We used the Agilent (Palo Alto, CA) eArray platform to design a custom D. melanogaster oligonucleotide microarray representing 14,141 unique genes from the Flybase release 5.4 genome. 50 ng of TU-tagged and 200 ng untagged RNA were fluorescently labeled and hybridized directly against each other to Agilent microarrays. The microarray experiments were performed according to Agilent's protocol (Version 5.5, February 2007) and scanned using an Axon GenePix 4000B scanner. Fluorescent ratios for each microarray element were recovered and normalized using GenePix Pro 6.0.

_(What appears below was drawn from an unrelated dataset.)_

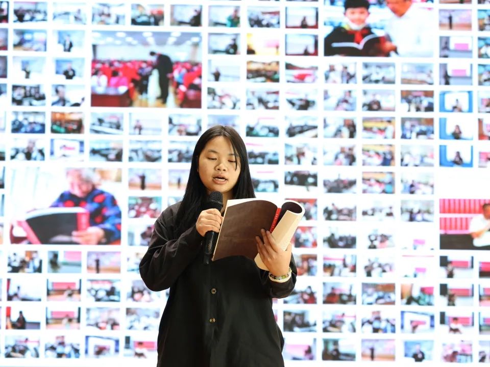 在交流互动环节,王伟先生邀请4名同学朗读《抗战阵亡将士名录》中同姓氏篇章的部分内容,以此告慰英烈、铭记历史,呼吁新时代青年要勇于担当,建功立业、请抗战忠魂检阅腾飞青春!

Normalizing for transcript uracil number

We downloaded the dmel-all-transcript-r5.4.fasta file from Flybase which contains the sequences of every predicted transcript from genome release 5.4. We wrote a Perl script to count the transcript uracils number for each transcript. In cases where there was alternative splicing, we averaged the uracil number over the multiple isoforms. This was necessary because, for the most part, our microarray did not distinguish between different isoforms of the same gene. To normalize the data, these uracil counts were plotted against the observed microarray ratios using OpenOffice.org Spreadsheet and the regression equation was determined. This equation was used to calculate the expected ratio for each transcript based on the transcript's uracil number. For each transcript, the normalized ratio was calculated by subtracting the expected ratio from the observed ratio. After plotting the initial normalized ratios, we noticed a group of transcripts, all with low uracil numbers, that had very high normalized ratios. Upon investigation we noticed that these transcripts were missing annotations for either or both UTR regions. Thus, our transcript uracil counts for these transcripts was lower than their actual uracil number, leading to incorrect normalization. Therefore, transcripts with missing UTR annotations were excluded from normalization and further analysis. We note that normalization errors due to transcript mis-annotation will decrease as transcriptome annotations improve.